Targetsindikat.com
JAKARTA – Harga minyak dunia tercatat turun tajam sekitar 4 persen pada perdagangan Senin (15/6/2026). Penurunan ini terjadi seiring meredanya ketegangan geopolitik setelah Iran dan Amerika Serikat mencapai kesepakatan kerangka kerja, termasuk pembukaan kembali Selat Hormuz dan pengurangan pembatasan maritim di Timur Tengah.
Pasar merespons positif berita ini karena risiko gangguan pasokan energi global dinilai sudah jauh berkurang. Minyak acuan Brent dan West Texas Intermediate (WTI) langsung terkoreksi turun, sejalan dengan hilangnya premi risiko yang selama ini membebani harga akibat konflik di kawasan strategis tersebut.
Berdasarkan pengumuman Dewan Keamanan Nasional Tertinggi Iran pada Minggu (14/6/2026), kesepakatan ini merampungkan nota kesepahaman penghentian konflik. Isinya mencakup penghentian permanen seluruh operasi militer di semua lini—termasuk wilayah Lebanon—serta pencabutan blokade angkatan laut terhadap Iran.
Presiden AS Donald Trump menegaskan perjanjian ini adalah terobosan besar. “Selat Hormuz akan bebas secara permanen. Kesepakatan ini mencegah perang lebih besar dan membuka babak baru hubungan,” ujar Trump.
Peran perantara dalam kesepakatan ini diakui oleh Perdana Menteri Pakistan Shehbaz Sharif, yang menyatakan negaranya bersama Qatar, Arab Saudi, dan Turki menjadi jembatan negosiasi. Isi kesepakatan meliputi pembukaan Selat Hormuz secara bertahap di bawah pengelolaan Iran, serta agenda negosiasi lanjutan selama 60 hari ke depan.
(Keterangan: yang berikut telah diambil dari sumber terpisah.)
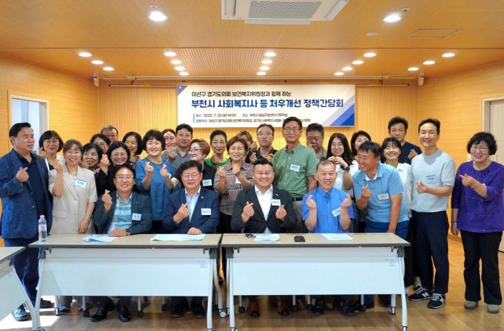 이날 정담회에는 박찬수 경기도사회복지사협회장, 박현 부천시사회복지사협회장을 비롯한 부천시 사회복지사 30여 명이 참석해 ▲사회복지사 처우개선비 인상 ▲장기근속휴가ㆍ자녀돌봄휴가ㆍ유급병가 등 복지제도 적용 대상 확대 ▲대체인력 지원체계 보완 ▲권역별 권익지원센터 설치 필요성 등에 대해 논의했다.

Dalam fase selanjutnya, kedua belah pihak akan membahas pencabutan sanksi internasional, status resolusi Dewan Keamanan PBB, program nuklir, hingga kerjasama ekonomi. Penandatanganan resmi rencananya digelar di Swiss pada 19 Juni mendatang.
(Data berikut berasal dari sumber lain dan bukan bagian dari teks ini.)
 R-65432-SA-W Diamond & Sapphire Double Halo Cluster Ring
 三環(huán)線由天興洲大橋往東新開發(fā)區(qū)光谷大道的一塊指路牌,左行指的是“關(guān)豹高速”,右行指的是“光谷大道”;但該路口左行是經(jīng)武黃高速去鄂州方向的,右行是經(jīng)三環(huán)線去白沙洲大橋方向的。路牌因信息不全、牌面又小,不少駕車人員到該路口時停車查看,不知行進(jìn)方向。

Kini, publik mulai mempertanyakan kapan penurunan harga minyak dunia ini akan terasa di dalam negeri. Sebagai gambaran, meski harga minyak global sudah mulai turun sejak pekan lalu, harga BBM nonsubsidi seperti Pertamax saat ini masih bertahan di angka Rp16 ribu lebih per liter. Masyarakat pun berharap penyesuaian harga jual ke konsumen bisa segera dilakukan mengikuti tren pasar dunia.